By taking multiple measures in different parts of the river, the researchers also hope to link temperature fluctuations to visible differences in riverbank landscapes. Presuming that more hot, dry years are in store, the county is learning what effect riverbank restoration can have on shade, water temperatures and, in turn, salmon survival.

Janne’s team collected the first round of temperature readings at Oxbow two weeks ago. Here’s what it looks like:

stats from dnrp

That squiggly blue line represents the temperature of the water. It is squiggly because the water heats up every day and cools off every night. The straight green line is at 17.5°, the maximum temperature at which the state says salmon can live comfortably. As you can see, even the lowest temperature recorded at Oxbow in these three weeks exceeded that maximum.

Combined with findings from other sites along the river, these data from Oxbow will allow the researchers to Identify areas of the river under extreme stress or that potentially offer salmon a temperature refuge.
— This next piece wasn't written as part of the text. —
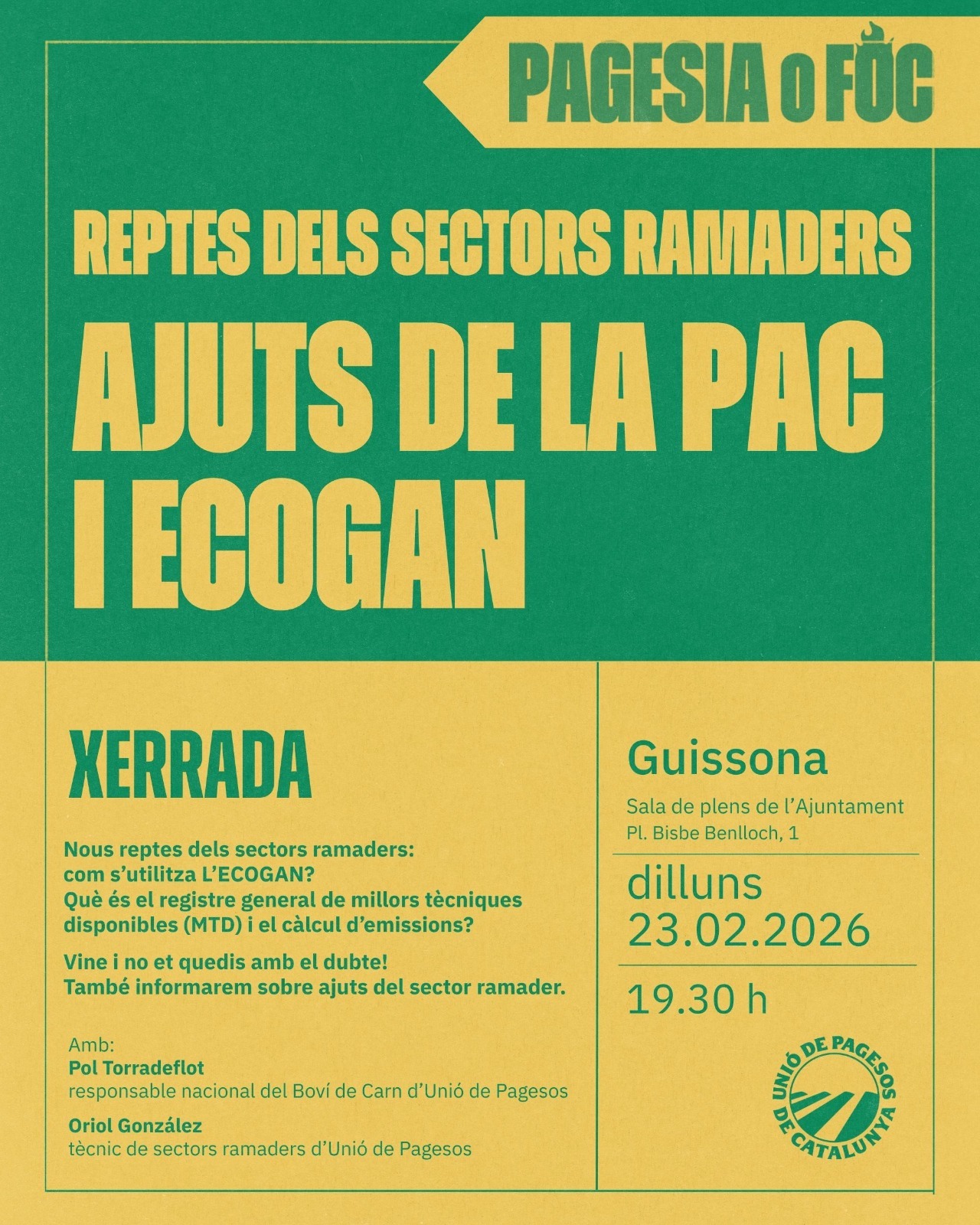 Unió de Pagesos de Catalunya    /    Actualitat    /    Agenda    /    Reptes sectors ramaders. Ajuts de la PAC i ECOGAN – Guissona

The season’s data will influence future conservation and restoration efforts.

Janne is the manager of the Snoqualmie Watershed Forum, a coalition of city, county and tribal governments, concerned citizens and non-profit organizations working to improve environmental quality in the Snoqualmie Watershed. The forum was born in 1998 out of an effort to develop a recovery plan for the Snoqualmie’s native population of Chinook salmon. Chinook salmon listed as threatened under the Endangered Species Act. Salmon conservation remains a big part of the Forum’s work to this day.